REQUIRED WORK. Copy exactly the lines of the records below, and only those lines, beginning with the line that contains "Casona de José Pío Cisneros" and ending with the line that contains "Resim 2. Engelliler".

MATERIAL TO PROCESS.
☆ ☆ ☆ ☆ ☆

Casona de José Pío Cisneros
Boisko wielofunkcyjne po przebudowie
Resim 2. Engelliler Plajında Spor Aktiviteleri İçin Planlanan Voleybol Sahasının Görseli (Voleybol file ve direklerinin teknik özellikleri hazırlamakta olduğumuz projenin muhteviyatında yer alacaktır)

☆ ☆ ☆ ☆ ☆

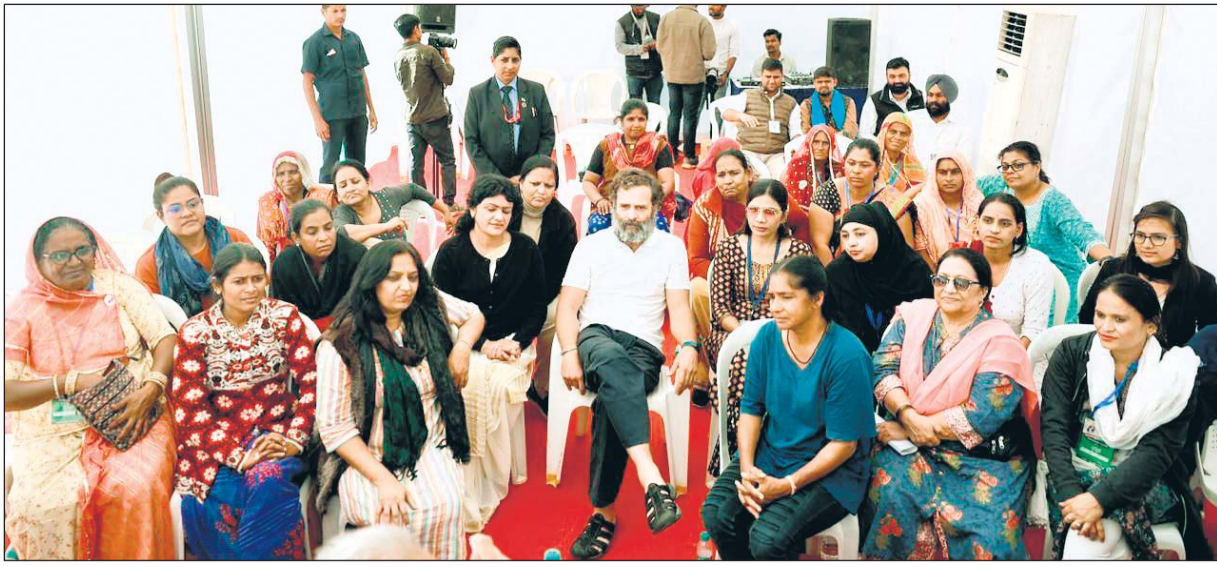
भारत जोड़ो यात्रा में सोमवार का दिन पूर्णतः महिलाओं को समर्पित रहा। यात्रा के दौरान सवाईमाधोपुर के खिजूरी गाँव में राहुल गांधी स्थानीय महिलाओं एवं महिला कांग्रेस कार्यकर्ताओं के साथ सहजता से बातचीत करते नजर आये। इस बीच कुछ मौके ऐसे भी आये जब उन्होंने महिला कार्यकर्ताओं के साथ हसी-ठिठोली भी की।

☆ ☆ ☆ ☆ ☆

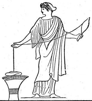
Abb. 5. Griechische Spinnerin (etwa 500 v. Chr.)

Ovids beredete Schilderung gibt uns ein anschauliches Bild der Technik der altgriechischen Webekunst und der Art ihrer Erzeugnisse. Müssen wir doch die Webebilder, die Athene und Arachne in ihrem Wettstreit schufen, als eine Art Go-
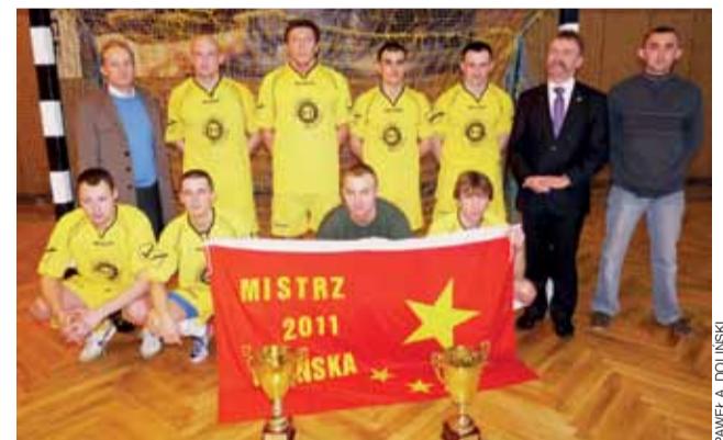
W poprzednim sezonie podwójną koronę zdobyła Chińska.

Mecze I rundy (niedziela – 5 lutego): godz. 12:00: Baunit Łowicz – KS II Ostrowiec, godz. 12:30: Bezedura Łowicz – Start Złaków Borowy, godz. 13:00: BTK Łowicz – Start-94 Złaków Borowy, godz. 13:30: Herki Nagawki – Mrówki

☆ ☆ ☆ ☆ ☆

OUTPUT BELOW.
Casona de José Pío Cisneros
Boisko wielofunkcyjne po przebudowie
Resim 2. Engelliler Plajında Spor Aktiviteleri İçin Planlanan Voleybol Sahasının Görseli (Voleybol file ve direklerinin teknik özellikleri hazırlamakta olduğumuz projenin muhteviyatında yer alacaktır)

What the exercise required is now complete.